Строптивого спекулянта Варнавского Поляк, Кабан (Лунев) и Урка (Зайшло) вытащили из собственного дома и отвезли на Клочковское кладбище. Там его поставили на край свежевыкопанной вакантной могилы. Бандит Дименштейн поднял с земли усохший венок и, надев его на шею уже и впрямь скорее мертвому, чем живому, от страха Варнавскому, стал толкать его в могильную яму, приговаривая: «Думай, где достать деньги!». Тут только «клиент» и согласился выложить требуемую сумму…
Домой к Ветвицкому Буня (Даниленко) и Мармура (фамилия и кличкасовпадают) приехали вечером. Увидев их в окно, молодой делец с криком: «Мама, ко мне идут!» — заперся в ванной. Предусмотрительно перерезав ведущий к дому телефонный провод, бандиты вошли в квартиру. Ветвицкий затаился и притих, как мышь перед рассветом. Он слышал, как шуршат в темноте его настороженные ресницы… Порыскав по квартире и не найдя ничего, кроме набора порнографических открыток, амурцы ушли несотенно хлебавши. Но, долго еще не отваживался Ветвицкий покинуть свое кафельное убежище…
Играя с «лохами» в карты, ребята Матроса иногда выдавали одного из бабyинов за человека с Севера или вора из Донецка, который «способен на все». Именно на него — парня с Севера или донецкого вора, в роли которых лодвизались чаще всего Мармура, Рахит (Парадиз) или сам Матрос, на глазах у облапошенного дельца «переписывают долг», после чего указанный бандит приобретает полное амурское право его (долг) выколачивать. Подобным образом ребята Матроса «обули» продавца пива Холина и мелкого «цеховика» Гольдберга. У последнего взяли в залог его личные «Жигули» и укатили на них. Автомобиль «честно» вернули, когда Гольдберг выложил долг — 4,5 тысячи, возникших из невинной поначалу карточной игры на коньяк…
В конце семидесятых — начале восьмидесятых годов ребята с Амура были в зените своей шальной славы. О них говорил весь город — от вокзала до Амура. Молва приписывала им совершенно невероятные поступки.

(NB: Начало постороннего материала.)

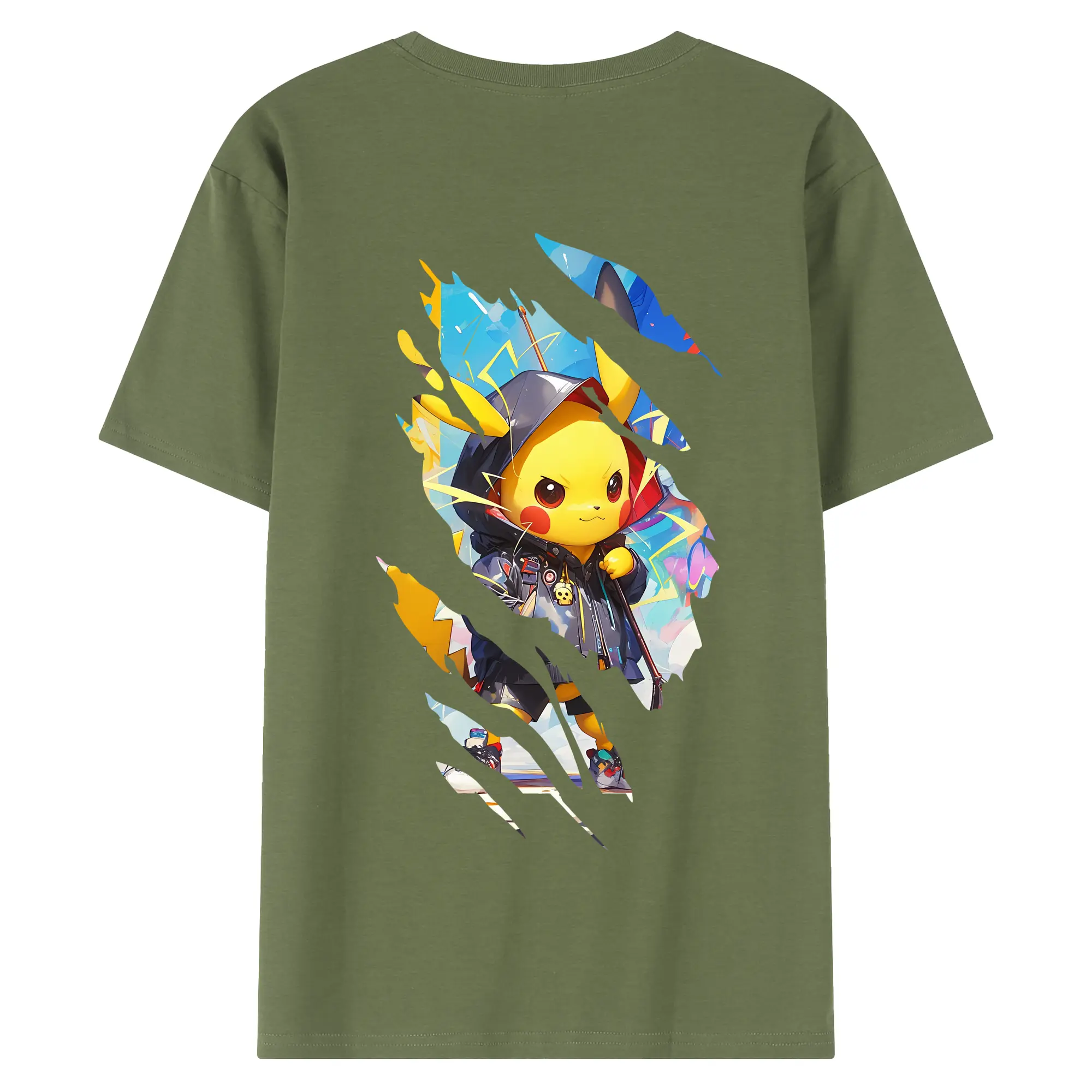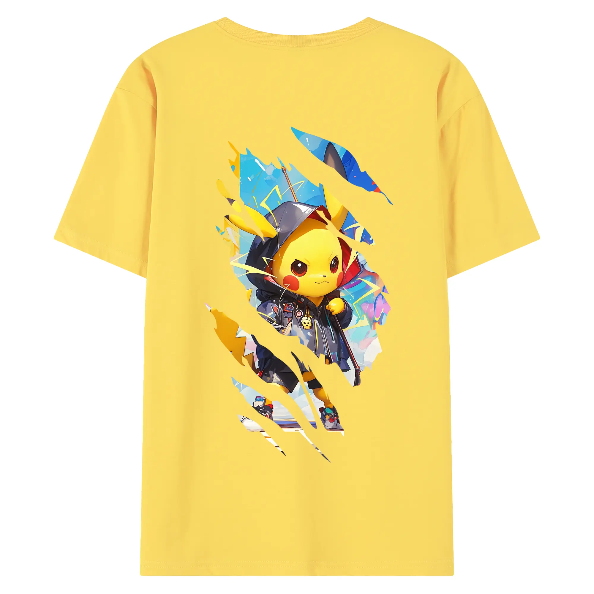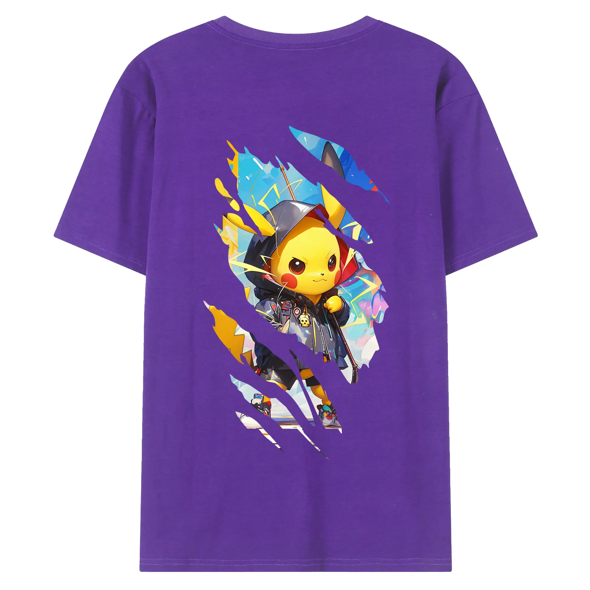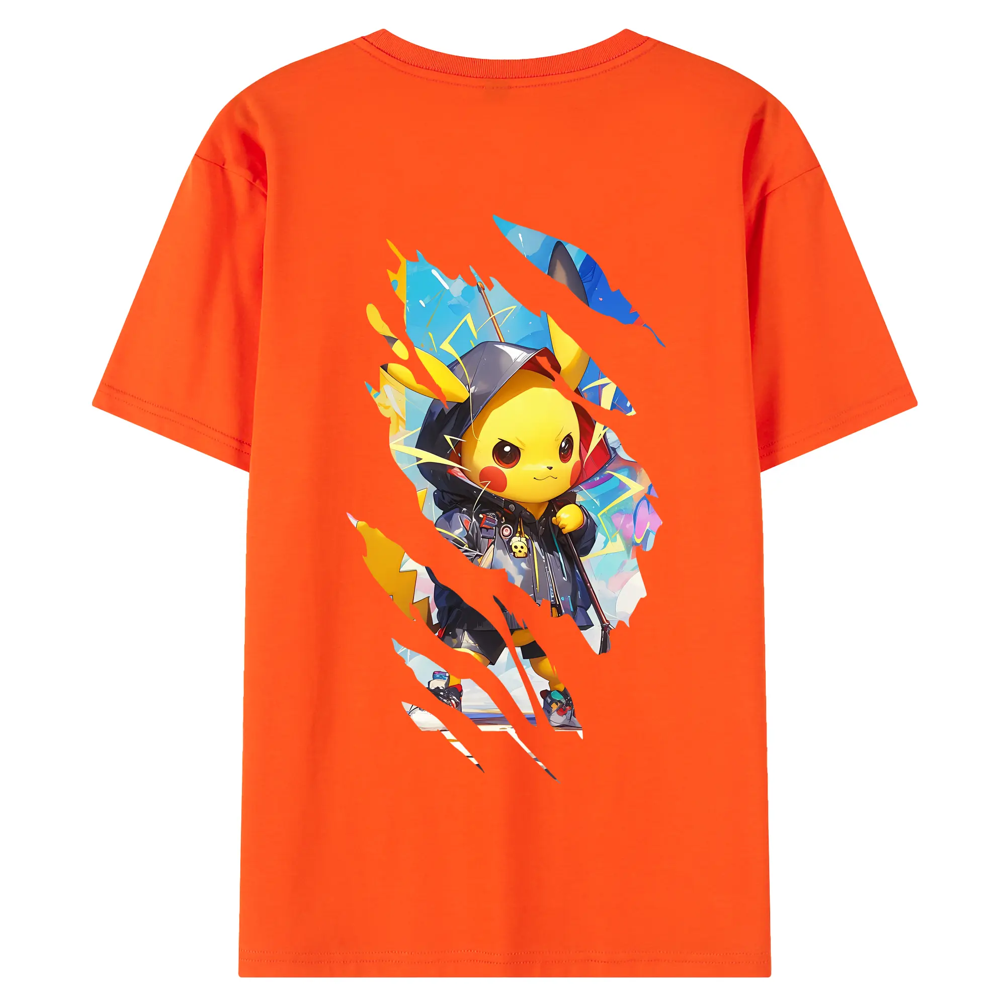 ポケモン グッズ,ピカチュウ - 綿100% ヴィンテージ風 半袖Tシャツ ・ 背面プリント ・ 柔らか肌触り ・ 通気性 快適 ・ スポーツ カジュアル 外出用
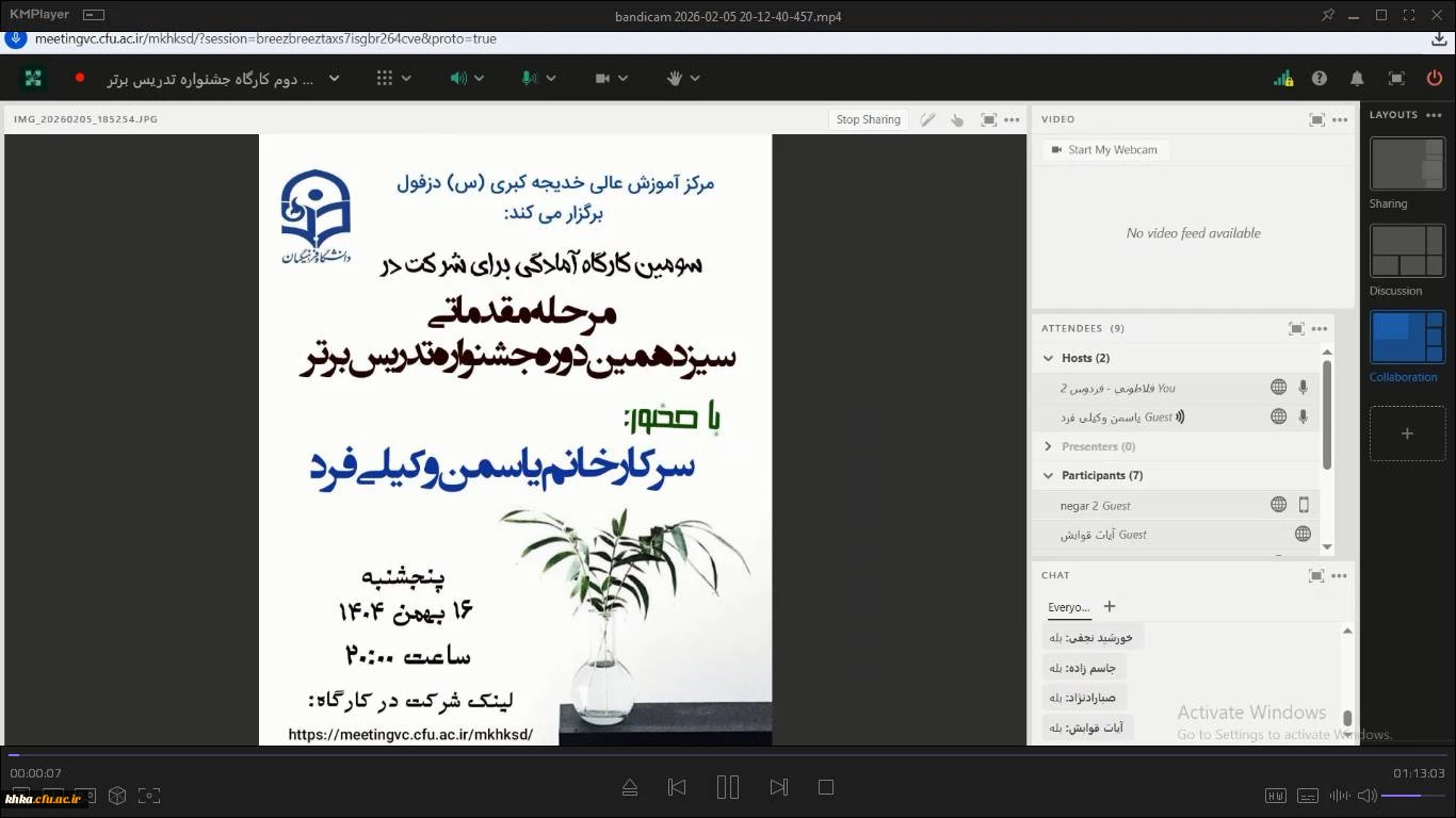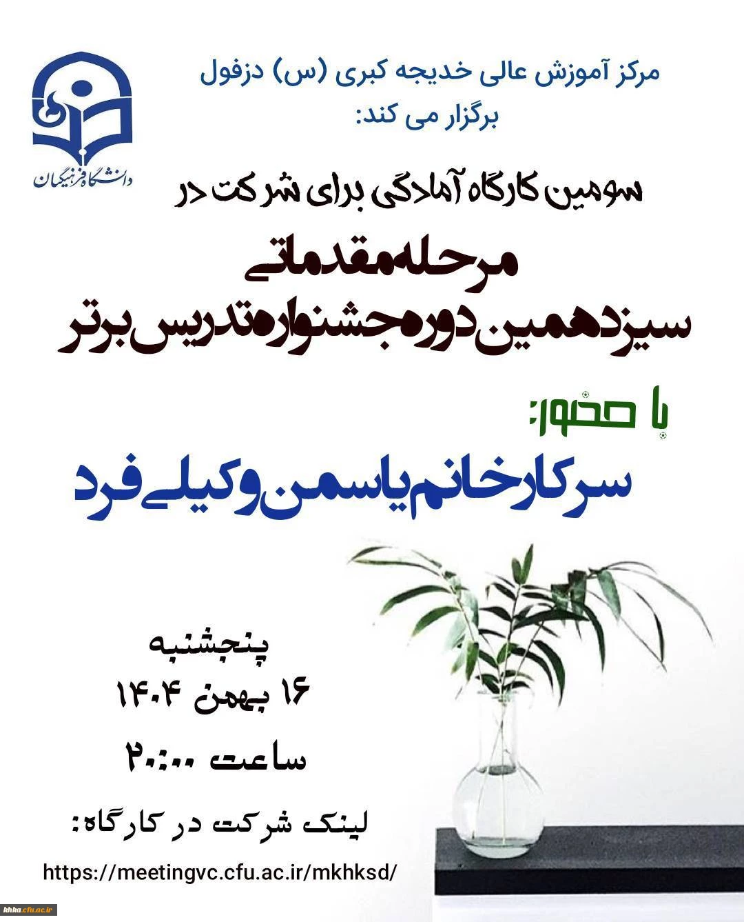 روز پنجشنبه ۱۶ بهمن ماه ۱۴۰۴ سومین کارگاه آموزشی آمادگی برای شرکت در جشنواره تدریس برای دانشجویان علاقه مند به شرکت در سیزدهمین دوره جشنواره تدریس مرکز آموزش عالی حضرت خدیجه کبری (س) دزفول برگزار شد.

И если честные люди, зная, что им нечего опасаться, произносили слово «Матрос» без страха, то на барменов, спекулянтов и подпольных бизнесменов оно наводило животный ужас. Бессонными ночами килограммами поедали они дефицитный седуксен, но, не получив успокоения, расплющивали свои покрытые пушком рыльца об оконные стекла. Часами вглядывались и вслушивались они в чугунный мрак южной ночи: не тормозят ли визгливо у дома кроваво-красные «Жигули» амурца Алика Дименштейна, не выходят ли из них крепкие парни в белых рубахах, под которыми спрятаны ножи и обрезы.
И все чаще липкую приднепровскую тьму молнией пронзал истошный мужской крик: «Мама! Ко мне идут!!!»